++++ Available data

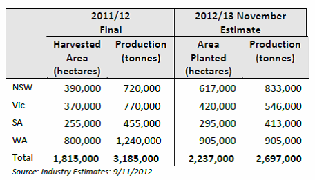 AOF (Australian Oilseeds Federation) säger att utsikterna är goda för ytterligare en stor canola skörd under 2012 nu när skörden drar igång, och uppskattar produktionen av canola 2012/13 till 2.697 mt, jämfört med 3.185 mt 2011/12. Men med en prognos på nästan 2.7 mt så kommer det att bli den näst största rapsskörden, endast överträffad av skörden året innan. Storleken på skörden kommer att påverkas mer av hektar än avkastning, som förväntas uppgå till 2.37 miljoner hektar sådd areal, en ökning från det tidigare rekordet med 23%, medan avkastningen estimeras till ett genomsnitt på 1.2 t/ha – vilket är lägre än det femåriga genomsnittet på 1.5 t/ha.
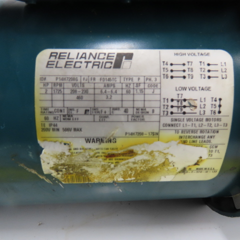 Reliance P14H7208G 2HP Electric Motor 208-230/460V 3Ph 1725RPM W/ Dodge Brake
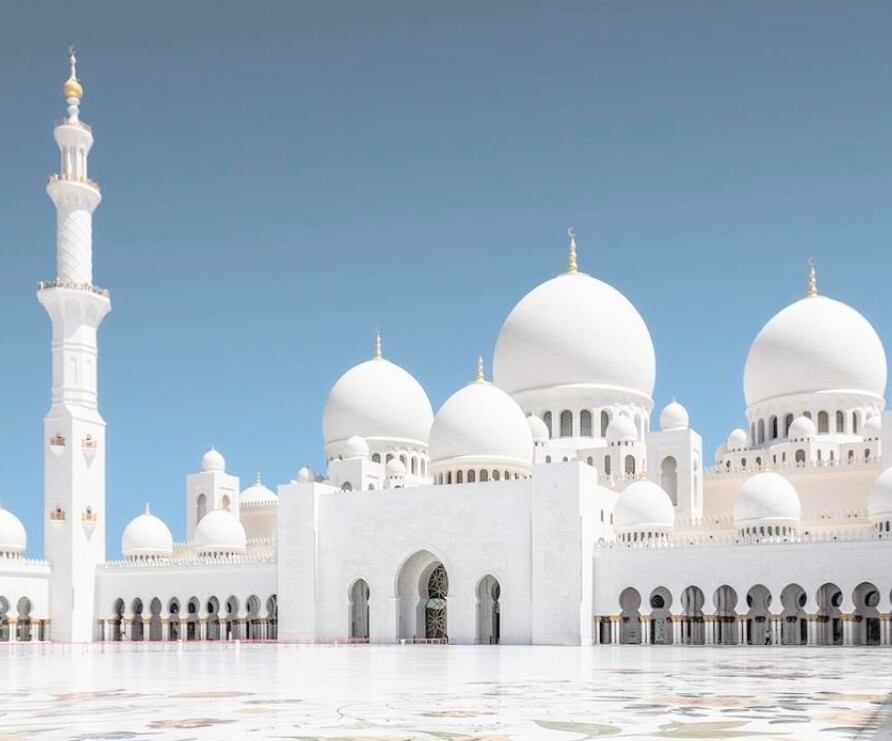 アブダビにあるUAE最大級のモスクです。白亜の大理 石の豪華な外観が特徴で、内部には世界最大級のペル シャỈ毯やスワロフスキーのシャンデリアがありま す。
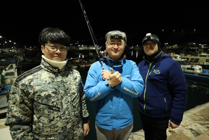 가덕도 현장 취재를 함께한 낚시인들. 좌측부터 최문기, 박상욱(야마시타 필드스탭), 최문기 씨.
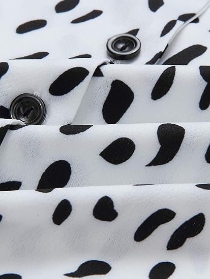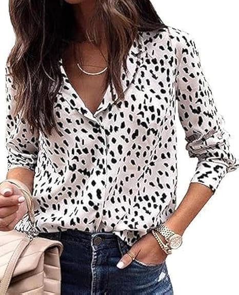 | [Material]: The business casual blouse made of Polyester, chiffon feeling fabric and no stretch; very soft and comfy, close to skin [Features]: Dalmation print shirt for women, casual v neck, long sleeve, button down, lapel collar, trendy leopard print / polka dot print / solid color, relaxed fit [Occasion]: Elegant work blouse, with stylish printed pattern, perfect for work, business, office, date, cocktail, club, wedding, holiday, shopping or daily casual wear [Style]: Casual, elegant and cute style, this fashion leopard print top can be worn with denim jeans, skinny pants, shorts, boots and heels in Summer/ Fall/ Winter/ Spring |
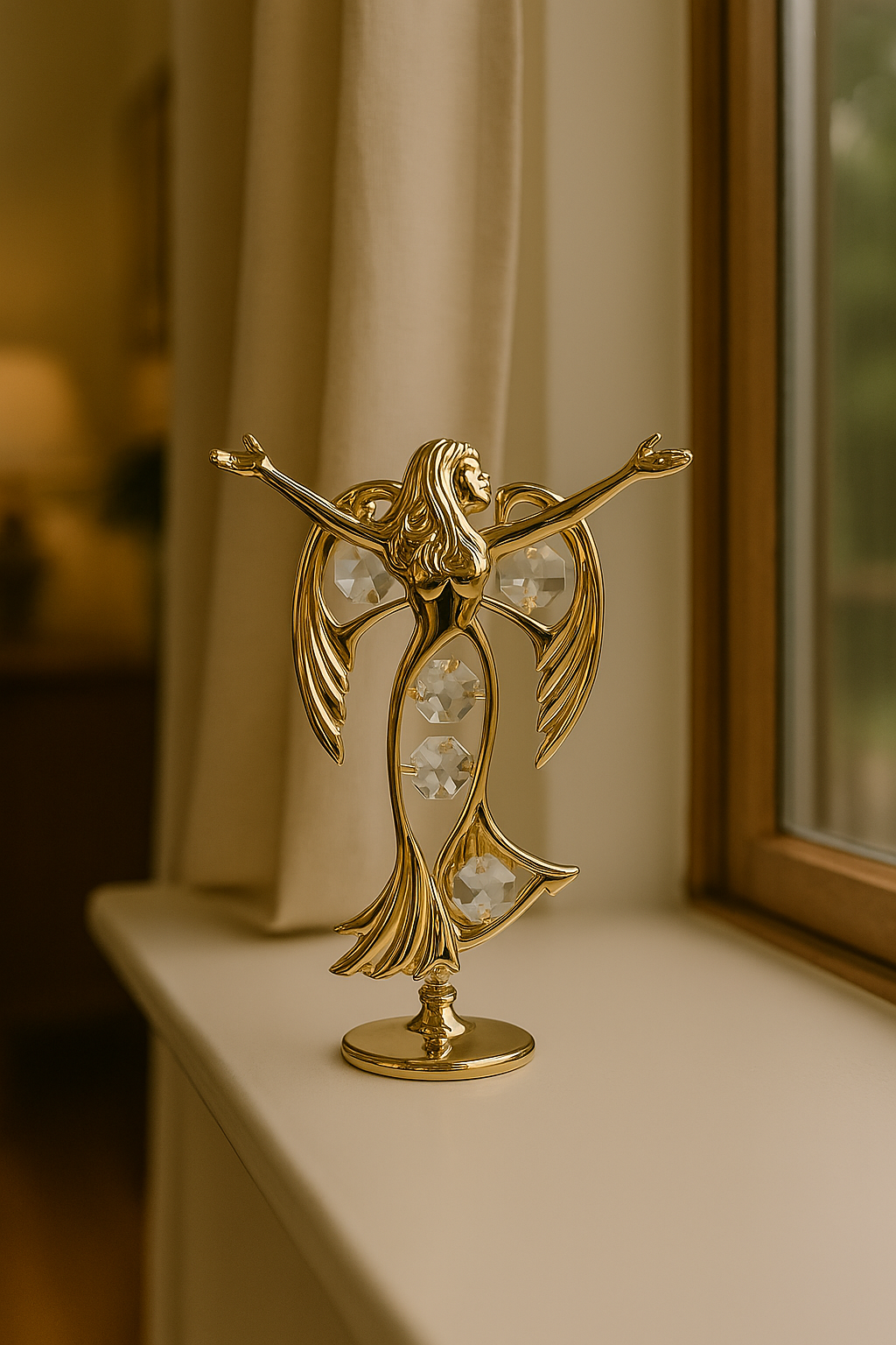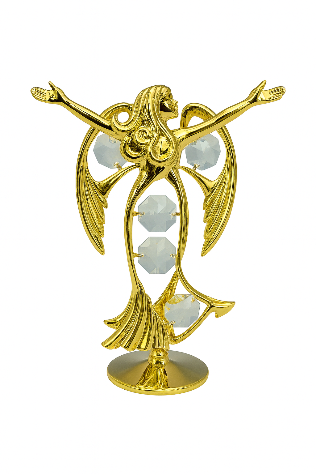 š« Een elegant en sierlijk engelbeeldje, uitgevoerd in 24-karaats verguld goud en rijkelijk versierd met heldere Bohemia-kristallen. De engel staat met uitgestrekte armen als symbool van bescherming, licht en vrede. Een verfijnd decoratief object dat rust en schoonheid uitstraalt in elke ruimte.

++++++++

## Work instruction
All of the entries above must be reproduced exactly, and no image may be included.

## Answer space
 AOF (Australian Oilseeds Federation) säger att utsikterna är goda för ytterligare en stor canola skörd under 2012 nu när skörden drar igång, och uppskattar produktionen av canola 2012/13 till 2.697 mt, jämfört med 3.185 mt 2011/12. Men med en prognos på nästan 2.7 mt så kommer det att bli den näst största rapsskörden, endast överträffad av skörden året innan. Storleken på skörden kommer att påverkas mer av hektar än avkastning, som förväntas uppgå till 2.37 miljoner hektar sådd areal, en ökning från det tidigare rekordet med 23%, medan avkastningen estimeras till ett genomsnitt på 1.2 t/ha – vilket är lägre än det femåriga genomsnittet på 1.5 t/ha.
 Reliance P14H7208G 2HP Electric Motor 208-230/460V 3Ph 1725RPM W/ Dodge Brake
 アブダビにあるUAE最大級のモスクです。白亜の大理 石の豪華な外観が特徴で、内部には世界最大級のペル シャỈ毯やスワロフスキーのシャンデリアがありま す。
 가덕도 현장 취재를 함께한 낚시인들. 좌측부터 최문기, 박상욱(야마시타 필드스탭), 최문기 씨.
 | [Material]: The business casual blouse made of Polyester, chiffon feeling fabric and no stretch; very soft and comfy, close to skin [Features]: Dalmation print shirt for women, casual v neck, long sleeve, button down, lapel collar, trendy leopard print / polka dot print / solid color, relaxed fit [Occasion]: Elegant work blouse, with stylish printed pattern, perfect for work, business, office, date, cocktail, club, wedding, holiday, shopping or daily casual wear [Style]: Casual, elegant and cute style, this fashion leopard print top can be worn with denim jeans, skinny pants, shorts, boots and heels in Summer/ Fall/ Winter/ Spring |
 š« Een elegant en sierlijk engelbeeldje, uitgevoerd in 24-karaats verguld goud en rijkelijk versierd met heldere Bohemia-kristallen. De engel staat met uitgestrekte armen als symbool van bescherming, licht en vrede. Een verfijnd decoratief object dat rust en schoonheid uitstraalt in elke ruimte.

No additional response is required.